Can you imagine the wrath I would get if I posted here and said "AIBU to withhold a positive covid test from DH's ex" before hand over, and then followed up by saying I just don't think it's my responsibility to tell her and if she was that worried she should ask us every week.

There is definitely a general dislike for step mothers and second families on mumsnet even if posters insist that doesn't apply to them.

OP posts:
Bollss · 06/11/2020 17:38

I mean if my child stays anywhere and is a bit ill I would tell whoever he was staying with because I am not a massive raging arseholes. Clearly thats too much for many who frequent this board, but I'm actually not surprised.

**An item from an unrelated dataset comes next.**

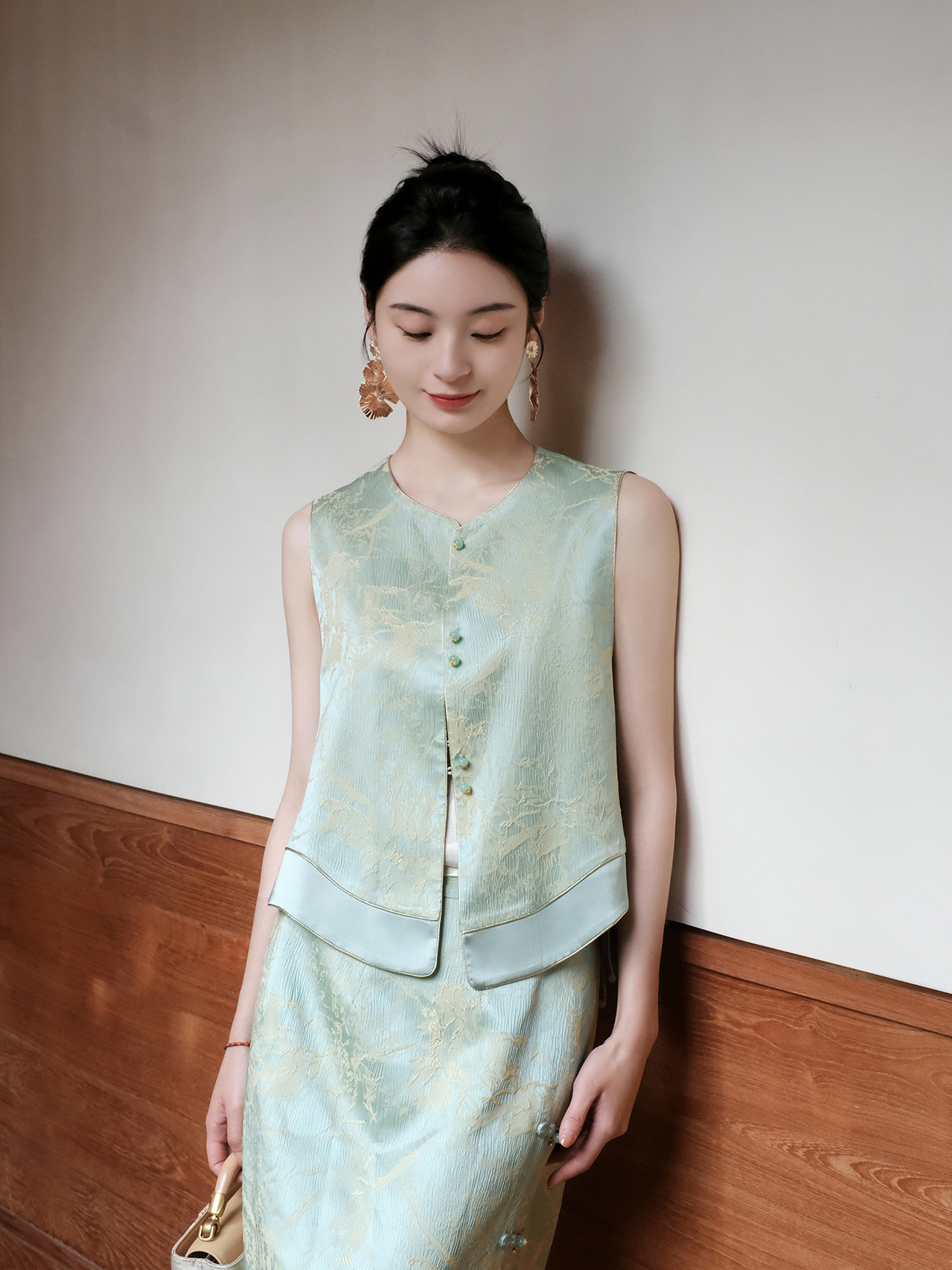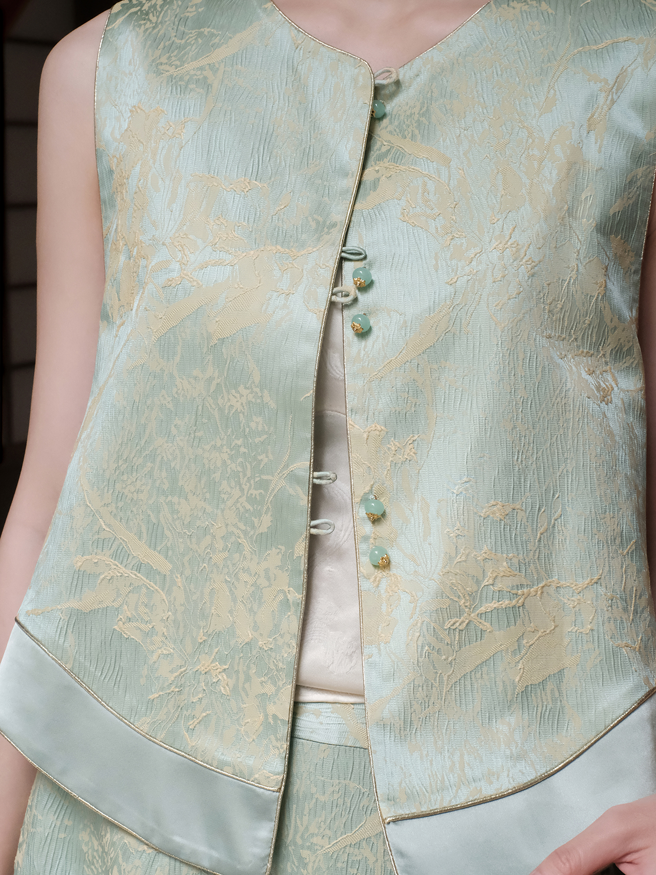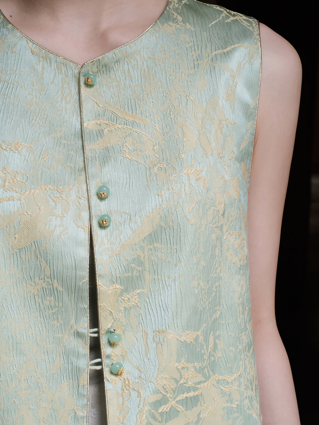盛唐婧| 新中式真丝双色冠乐皱对襟马甲-绿色
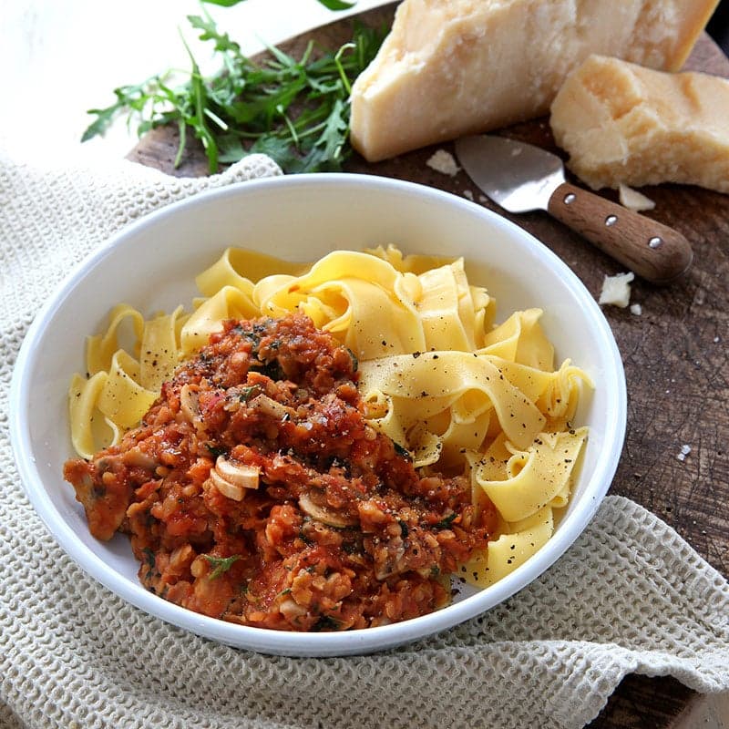 Testa en vegetarisk bolognese nästa gång andan faller på. Gott och hälsosamt för hela familjen, och miljön!

funinthesun19 · 06/11/2020 17:39

If the child gets a ill while they’re at yours, just don’t tell the mum. No need to is there?

Oh wait....

Faij · 06/11/2020 17:39

To add to my last post..

DSS obviously hasn't had a positive covid test, because she hasn't got him tested, even though he has covid symptoms.

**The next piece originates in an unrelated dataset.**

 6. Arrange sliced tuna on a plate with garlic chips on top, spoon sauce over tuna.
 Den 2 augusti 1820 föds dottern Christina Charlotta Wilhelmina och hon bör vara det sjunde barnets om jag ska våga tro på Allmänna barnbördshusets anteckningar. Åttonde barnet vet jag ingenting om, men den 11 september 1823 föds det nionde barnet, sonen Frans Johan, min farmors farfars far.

I suppose she has no responsibility to tell school either before she sent him there with a cough..

OP posts:
Haenow · 06/11/2020 17:40

@Faij

What is the view of your consultant with regards to how you manage illnesses?

firesong · 06/11/2020 17:41

When my children have been with their dads, they tell me if they have seemed unwell. And likewise, when they leave my place I tell their dads if anything has been wrong in the previous days, just so they know when they've had medicine etc and don't accidentally overdose the kids. Seems normal to me.

Bollss · 06/11/2020 17:41

@funinthesun19

If the child gets a ill while they’re at yours, just don’t tell the mum. No need to is there?

Oh wait....

Exactly if this was the other way round. Dad would be getting a roasting for not telling mum.
monty09 · 06/11/2020 17:41

I agree with you, it's not hard to just inform the other parent.
I have 4 DC and if anyone of them are ill I will inform there dad and we are not on good terms, it's just the right thing to do.

Faij · 06/11/2020 17:43

[quote Haenow]@Faij

What is the view of your consultant with regards to how you manage illnesses?[/quote]
Do you mean once I've contracted something or how to avoid contracting something?

OP posts:
StuffedRabbit · 06/11/2020 17:43

Why's it different? If my dc go to his house with a cold they could pass it on to him/his family.
If they go to his house and he/his wife/their DC have a cold they could pass it on to them, who in turn bring it home to me

We'll agree to disagree. I think it is a bit different when we're talking about the person coming into your home and staying within close proximity to you. I think that is different than being informed whether anyone around that person may be ill. If the person coming into your home is ill, I think you should be told beforehand, no matter who it is.

As I say, it's always what I've done, just thought it was normal, either through text or at pick up/drop off.

funinthesun19 · 06/11/2020 17:44

Exactly if this was the other way round. Dad would be getting a roasting for not telling mum.

Yep! Which just shows people up for how ridiculous and hypocritical they are.

Op, yanbu. At least some people aren’t bonkers.